The proposed research will develop a theoretical framework for studying interactions between the spread of: infectious diseases; technologies which treat disease or prevent its transmission; and norms and behaviors affecting the spread of disease. We will address general questions about how such phenomena are expected to interact, and also specific case studies, using publicly available data, focusing in particular on the case of HIV and circumcision. Crucially, we will work to link our general insights to our specific findings, and vice versa.

At the broadest level, we will look at abstract models of interacting spread on a "network" -- a population linked by connections, representing potential transmission either of information or disease. Much has already been learned about how diseases spread on networks, and about how to abstract key, measurable parameters from the huge amount of detail needed to completely specify a network. Typically, it is at least necessary to measure the mean and variance of individuals' numbers of connections, as well as a measure of how clustered connections are. Increasingly, it is becoming evident that changes in the network are important for disease spread; thus it may also be necessary to have a parameter that measures the rate of this change.

We will work to solidify understanding of simple principles of how diseases spread on networks, and then to expand them to include interactions between disease spread and changes in behavior. Simple models have already explored feedbacks between disease prevalence and behavior changes, but as far as we know this has been done mostly in a phenomenological fashion, not explicitly considering the spread of messages, and mostly without taking network structure into account.

At a more concrete level, we will investigate and characterize available data from Africa about HIV incidence, traditional and changing patterns of male circumcision, and surveys about sexual behavior, attitudes and beliefs. We will investigate what factors determine how well messages (both accurate and inaccurate) spread, and how effective these messages are at changing behavior. Unfortunately, most existing sexual behavior surveys provide limited ability to separate attitudes from behavior. We will therefore supplement available survey data with our own, relatively small-scale surveys in Africa to begin to disentangle issues that cannot be resolved from the broader surveys.

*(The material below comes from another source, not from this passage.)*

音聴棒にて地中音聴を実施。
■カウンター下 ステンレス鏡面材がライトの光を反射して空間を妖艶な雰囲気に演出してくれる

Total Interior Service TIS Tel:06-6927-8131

We will work to bridge the abstract and the concrete, both by using insights from modeling to guide data analysis (and, eventually, data collection), and by using results from data analysis to construct more specific models, which we will analyze in parallel with the simpler basic models. For example, we will expand our basic model to account for the fact that the sexual-contact network on which HIV spreads is different from the communication network on which information spreads (although they encompass the same group of people). We will further investigate the effects of "directional" interactions -- i.e., a doctor or journalist may transmit information to many people, but receive information from only a few.

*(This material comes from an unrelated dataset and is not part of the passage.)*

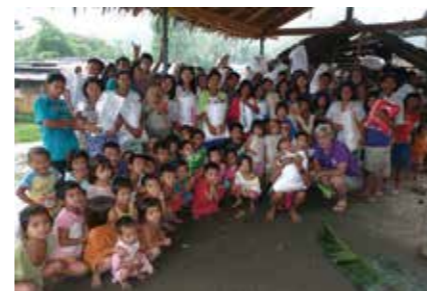
フィリピン台風被災者支援 (ハンズ・オブ・ラブ)

Finally, we will work to synthesize our findings into specific hypotheses and suggestions about public-health messages: what sorts of messages, and what methods of transmission, will be most effective at convincing people to adopt behaviors that will protect themselves and others against the spread of infectious diseases?

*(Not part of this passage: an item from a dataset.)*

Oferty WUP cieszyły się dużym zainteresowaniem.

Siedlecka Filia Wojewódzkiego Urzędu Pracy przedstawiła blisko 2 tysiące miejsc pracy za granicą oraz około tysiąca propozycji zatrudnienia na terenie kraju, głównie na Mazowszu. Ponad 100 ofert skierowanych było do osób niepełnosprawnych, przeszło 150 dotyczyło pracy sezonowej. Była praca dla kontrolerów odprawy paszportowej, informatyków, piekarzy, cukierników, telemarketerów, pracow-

In a practical sense, control of infectious diseases depends to a large extent on effectively communicating messages that change people's behavior, both in terms of reducing transmission, and seeking appropriate prevention and treatment. The proposed investigation of how messages, behaviors and infectious diseases interact promises important findings about network dynamics, as well as applications to public health in general, and to controlling HIV in particular.